According to Peter Abatan, principal partner with London-based Documentti, a document management specialist, companies are now discovering they need DRM technology to secure their data when it has been archived.
"Companies now have a definite need to archive their paper documents using electronic means, but in the process of archiving the data electronically, they also need to protect the data", he said.
Speaking at last week's DRM conference – organised by Documentti with its Korean partner Fasoo.com – Abatan explained that his research suggests that 70% of companies experienced some form of data breach last year.
So why, he asked, isn't this fact being reported to the media?
The problem, he says, is that reporting procedures are not always in place, but the good news, he told his audience, is that he is starting to see regulatory requirements now mandating companies to report their data breaches where it involves personal information.
Abatan adds that his research suggests that only 43% of data breaches get reported, adding that research from the IDTheftCenter suggests that malicious attacks are now surpassing human error as the main reason for data breaches for the first time.
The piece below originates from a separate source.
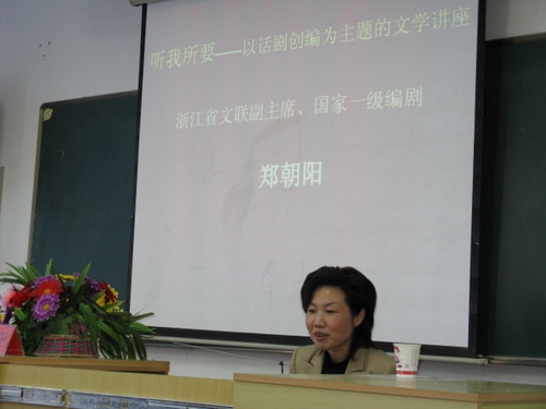 11月21日下午2点30分,继九色視頻 校园话剧节开幕式后,我们迎来了以“话剧在中国”为主题的文学讲座。此次讲座,九色視頻 有幸邀请到国家一级编剧、浙江省文联副主席郑朝阳老师来为我们高教园区的学子们主讲。在北校区人文楼201教室,同学们准时赴场,座无虚席。

But, he went on to say, his observations also suggest that the need for transparency and accountability may be masking the true extent of the data breach problem.
"Organisations that are unable to protect their data will grow weaker and weaker", he said, adding that it is now clear that companies need to defend their data, in whatever form it is stored on their computer systems.
It's worth noting, he went on to say, that, by June of this year, the ICO's office had seen 1000 data breaches reported, and that more than 400 of these breaches were within the NHS.
As a result of this, Abatan says that the healthcare sector has probably become the worst in terms of defending its data, adding that data breach events in the private sector – such as the ACS:Law and Toyota data loss incidents – show that the private sector is rapidly catching up the NHS and the rest of the public sector in the data breach department.
But, he explained, when you look beyond the prospect of public humiliation and fines from the likes of the ICO, there is still another very real cost to companies that have been hit by a data breach.
That cost, he says, is the loss of reputation and consequential loss of business, which can often lead to lay-offs as business at the affected company takes a dive.
The problem is made worse, he claims, by the fact that, if a data breach is not reported, little or no steps are taken to resolve the situation.
"If the ICO is involved, then they will advise and apply their rules to solve the problem", he said, adding that, without the ICO's involvement, data security situations rarely change or evolve.